On Tue, Dec 15, 2009 at 07:16:13PM +0100, Alexander Graf wrote:
> Michael S. Tsirkin wrote:
> > On Fri, Dec 11, 2009 at 12:06:25AM +0100, Alexander Graf wrote:
> >
> >> While trying to get device passthrough working with an emulex hba, kvm
> >> refused to pass it through because it has a BAR of 256 bytes:
> >>
> >> Region 0: Memory at d2100000 (64-bit, non-prefetchable) [size=4K]
> >> Region 2: Memory at d2101000 (64-bit, non-prefetchable) [size=256]

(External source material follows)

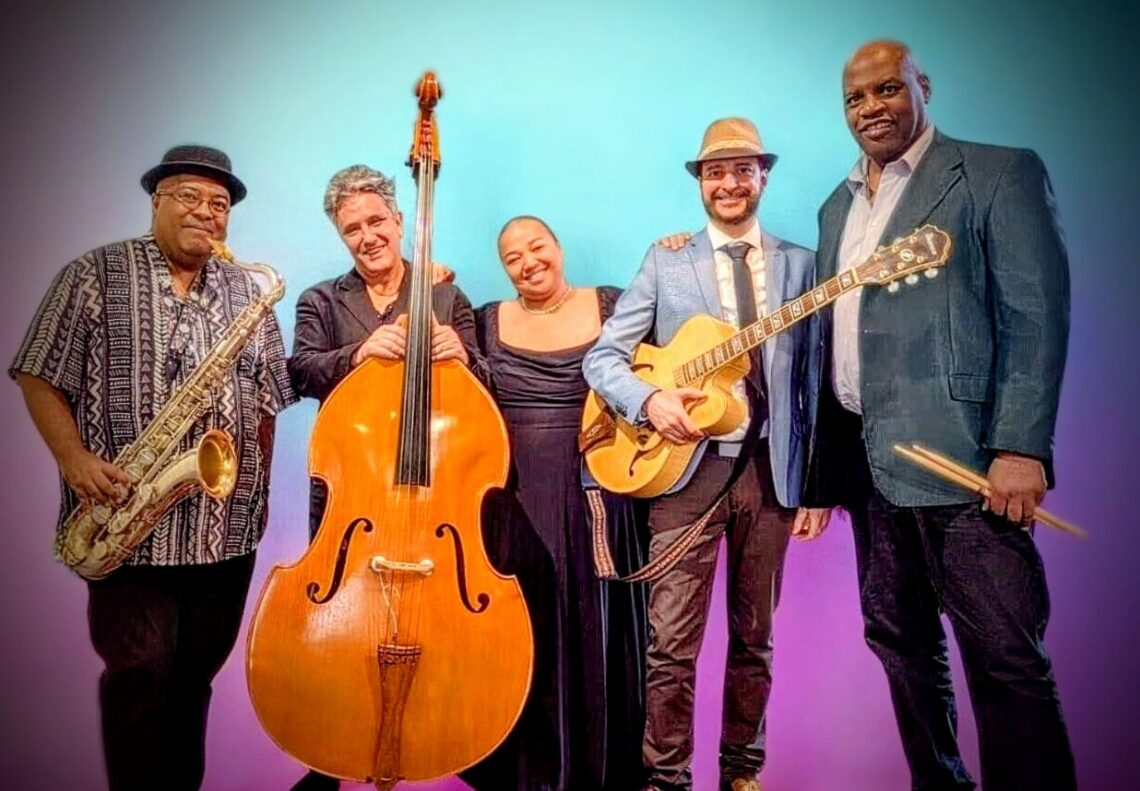 Quintet jazz avec chanteuse, saxophoniste, guitariste, contrebassiste et batteur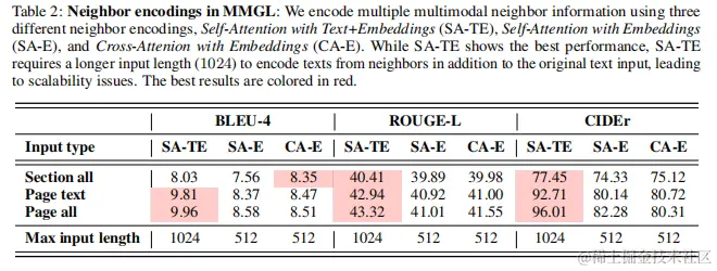 论文使用三种不同的邻域编码对多个多模态邻域信息进行编码,即使用文本+嵌入的自注意力(SA-TE)、使用嵌入的自注意力(SA-E)和使用嵌入的交叉注意力(CA-E)。SA-E和CA-E使用冻结编码器将所有模式,包括文本编码到嵌入中,而SA-TE则通过连接到输入文本序列,将文本邻域进行编码。因此,SA-TE需要更长的输入序列长度(1024)来编码额外的文本,从而导致潜在的可伸缩性问题。另一方面,SA-E和CA-E需要一个令牌长度来编码一个文本邻域,从而通过更短的输入长度提高了可伸缩性(512)。表2中的结果表明,可伸缩性与性能是权衡的:在不同输入类型时,SA-TE的性能始终优于SA-E和CA-E,但输入长度更长。

> >> Region 4: I/O ports at b100 [size=256]
> >>
> >> Since the page boundary is an arbitrary optimization to allow 1:1 mapping
> >> of
> >> physical to virtual addresses, we can still take the old MMIO callback
> >> route.
> >>
> >> So let's add a second code path that allows for size & 0xFFF != 0 sized
> >> regions
> >> by looping it through userspace.
> >>
> >> I verified that it works by passing through an e1000 with this additional
> >> patch
> >> applied and the card acted the same way it did without this patch:
> >>
> >> map_func = assigned_dev_iomem_map;
> >> - if (cur_region->size & 0xFFF) {
> >> + if (i != PCI_ROM_SLOT){
> >> fprintf(stderr, "PCI region %d at address 0x%llx "
> >>
> >
> > The patch is pretty clean. However, I think I see a bug below.
> > Did you also try a device with sub-page BAR?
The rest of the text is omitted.